Reinforcement Learning: An Introduction by Richard S. Sutton and Andrew Barto: link

Introduction

Reinforcement Learning: An area of machine learning that aims to learn what to do to maximize cumulative reward.

Agents and Environments

At each timestep $t$:

  • Agents: Receive Reward $R_t$ and Observation $O_t$, execute Action $A_t$
  • Environments: Receive Action $A_t$, then emit Reward $R_{t+1}$ and Next Observation $O_{t+1}$

The sequence of observations, actions, and rewards is called history.

$$\begin{aligned} H_t = O_1, R_1, A_1, … , A_{t-1}, O_t, R_t \end{aligned}$$

State$(S_t)$: information used to determine what happens next. Both the agent and environment have state, and they may not agree with each other.

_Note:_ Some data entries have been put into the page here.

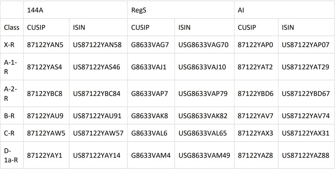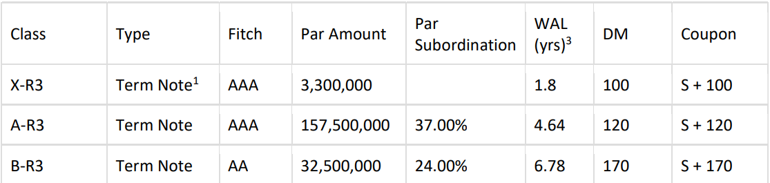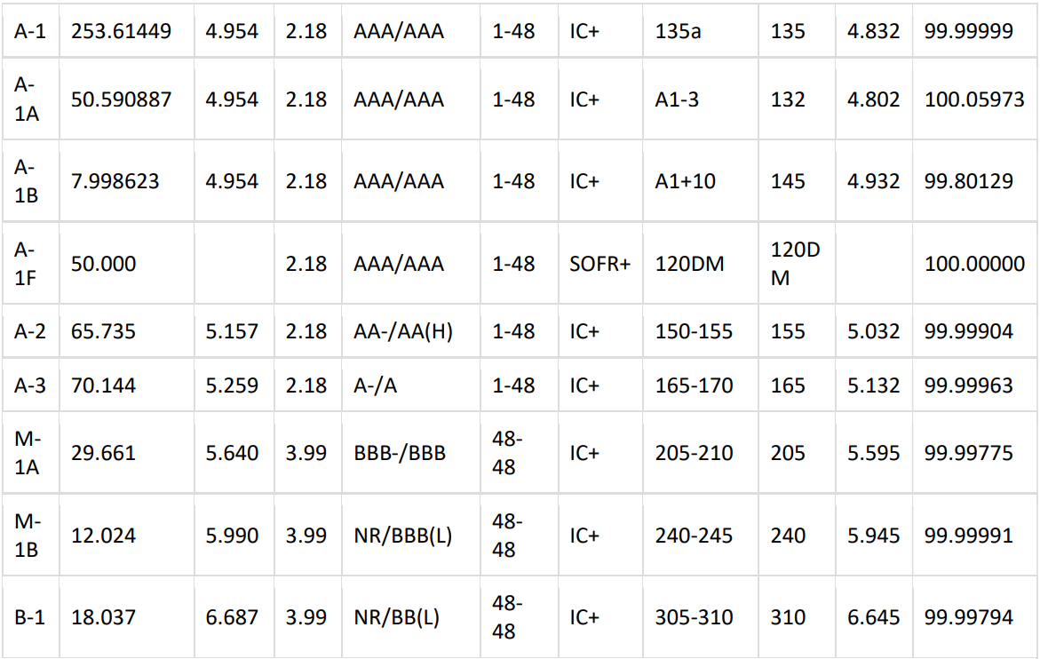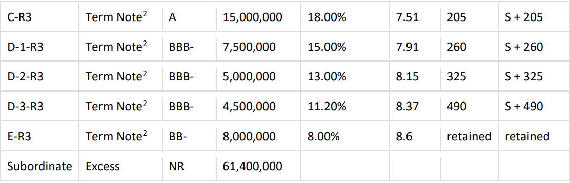 *Combined Class C-1 and Class C-2 into a single Class C-R (floating) for this partial refinancing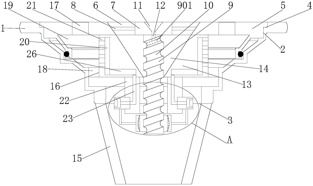 一种增压式快速排水的地漏,包括本体、设于本体上表面中心的进水孔以及设于本体下表面中心的出水孔,进水孔与出水孔相贯通,进水孔上端孔口内壁设有卡位台阶,卡位台阶上设有与其相匹配的盖板,所述盖板中心设有一与进水孔相贯通的排水孔;所述排水孔内设有一固定块;所述固定块通过若干呈圆周均匀分布的连杆与排水孔内壁相连接;所述固定块下表面中心设有一引水柱;所述引水柱外壁上设有一呈螺旋状的引水槽;所述固定块上表面中心设有一分流孔;所述引水柱上端内设有一与引水槽相贯通的放水孔。本实用新型的增压式快速排水的地漏能够有效增加排水速度,保证在最短时间内将地面的污水排入到排水管道系统内。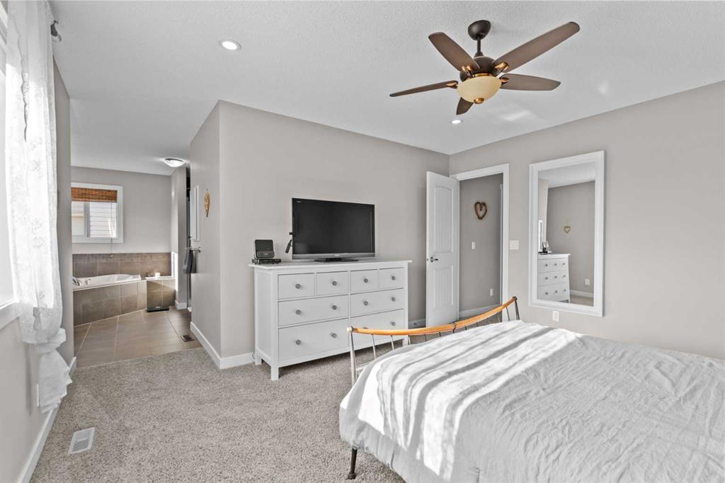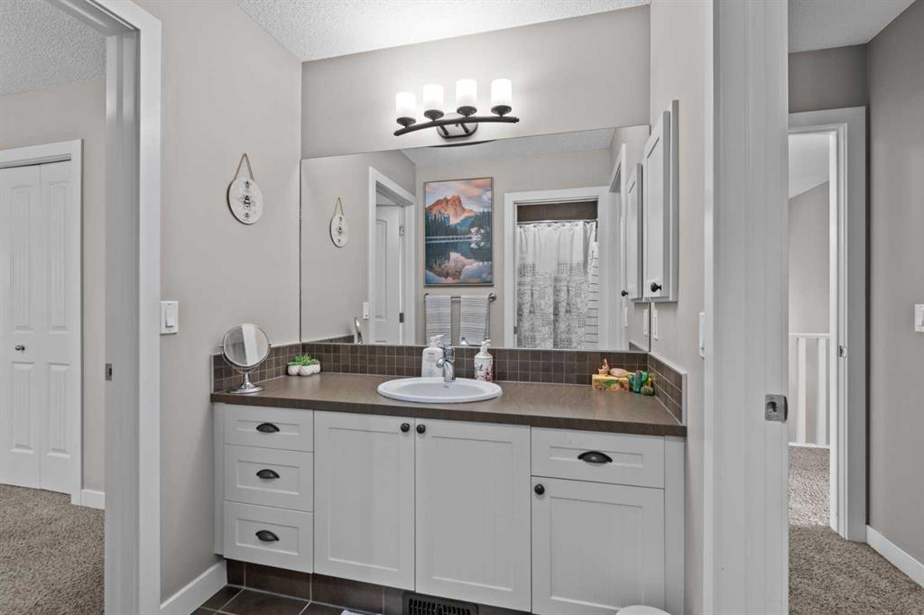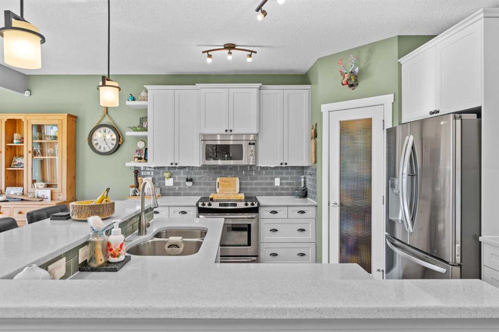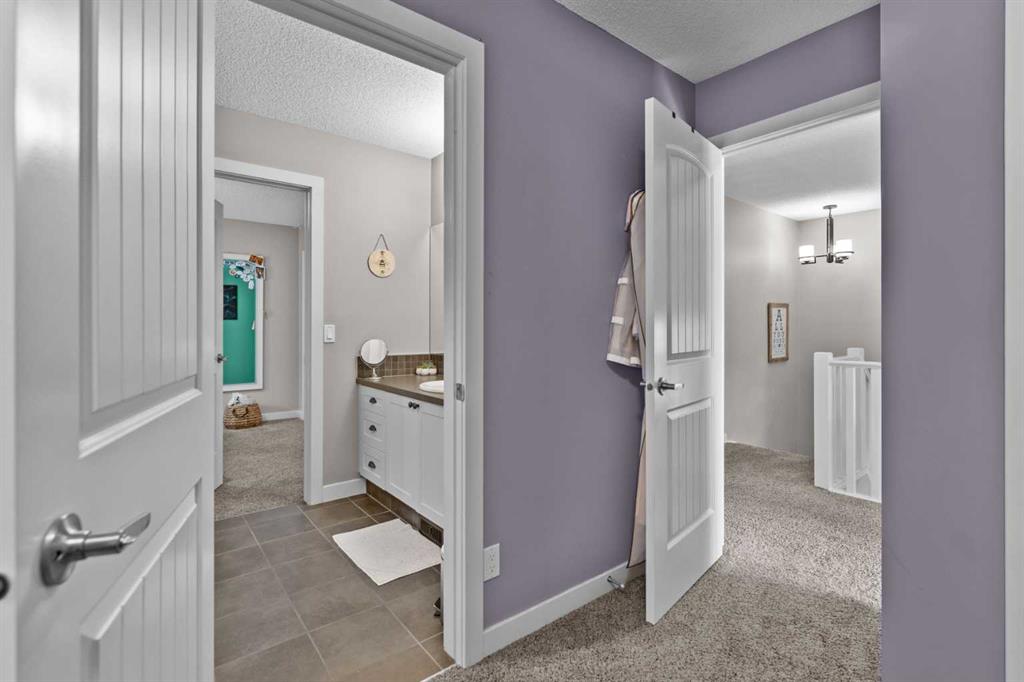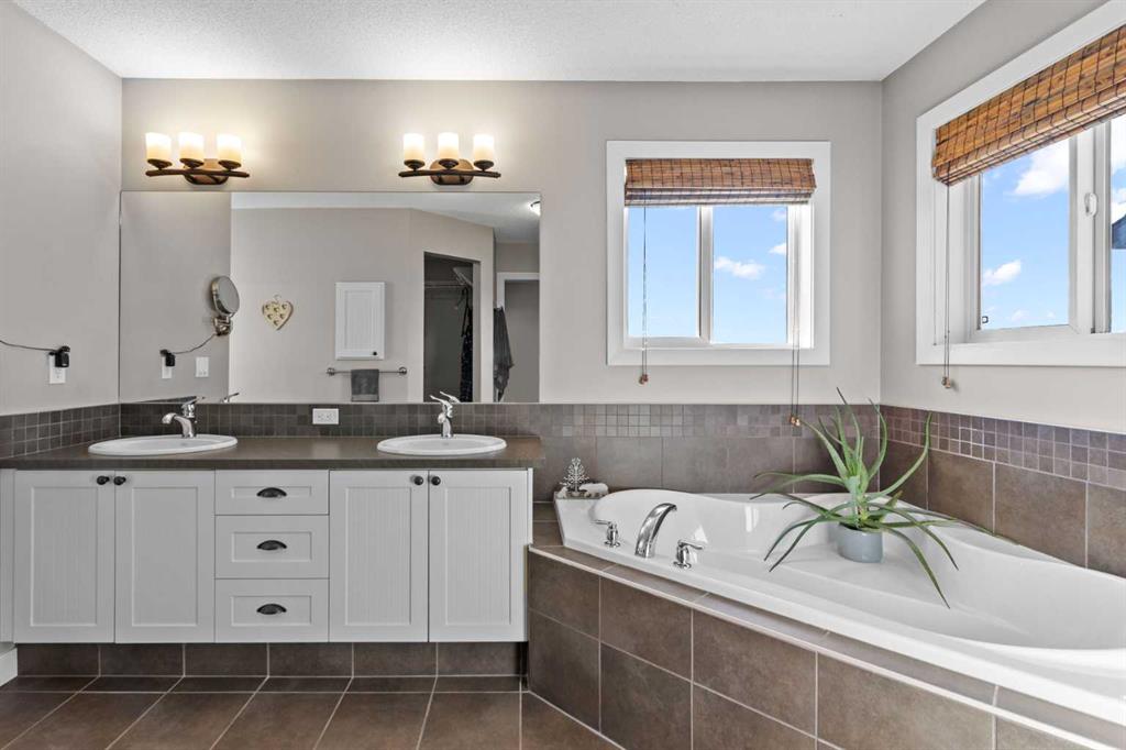 Located in Heritage Hills on Cochrane’s west side, this gorgeous two-story home is beautifully decorated and has an amazing family vibe with a touch of elegance. Walking in, whether you come in through the garage or front door, you will be welcomed home by lots of room to kick off your shoes on the easy to maintain ceramic tile entryways. Both entries also include ample closet space for all your outerwear. The main floor is open concept, with scraped hardwood floors throughout, and a super functional kitchen with quartz countertops with a big center island. The kitchen is truly the heart of this home, with a raised bar for hosting your guests, tons of cupboards for storage and counter space for whipping up some snacks and a huge pantry. The dining nook is bright and open with large sunny south facing windows, and the great room includes a cozy gas fireplace which makes it the perfect place to relax. There is also easy access to the deck and backyard, for hosting in the beautiful outdoors. The main floor also includes a dedicated office and a half bath on the main floor and access to the double attached garage. Upstairs, the sunny south facing master retreat will impress with mountain views. The ensuite has everything you need, with double basins, a big soaker tub, water closet, separate shower and walk in closet. Two more good sized bedrooms on this floor share a convenient Jack-and-Jill bathroom. The upstairs also has an amazing laundry room, appointed with a dedicated laundry sink and storage cupboards. Finally, this floor includes a spacious north facing bonus room with its own built in study station. This space would make an excellent library or TV watching space, for those who need a little break away from the main floor action. Downstairs is fully developed and includes a large rec room, a 3 piece bathroom, large bedroom with at grade egress windows. A great space for the family to grow! There is a large storage room with shelving to help keep you organized and a utility room. After enjoying all this home has to offer, step out to the beautiful south facing back deck and fully fenced landscaped backyard. Check out the unique deck storage solution for keeping all the outdoor toys. The houses are offset around you, giving you the feeling of space; perfect for enjoying those sunny Cochrane days. Come and see all that Cochrane and this beautiful home has to offer.

  • Fully observable environments: $O_t = S_t$. The agent can know the exact state of the environment. It is called a Markov Decision Process (MDP)
  • Partially observable environments: $O_t \neq S_t$. The agent only knows the partial state of the environment. It is called a Partially Observable Markov Decision Process (POMDP)

Markov Decision Processes (MDP)

Markov Decision Process (MDP) is an environment that can be defined as a 5-tuple:

$$\begin{aligned} (\mathcal{S}, \mathcal{A}, \mathcal{P}, \mathcal{R}, \gamma) \end{aligned}$$

where

  • $\mathcal{S}$: state space (set of states)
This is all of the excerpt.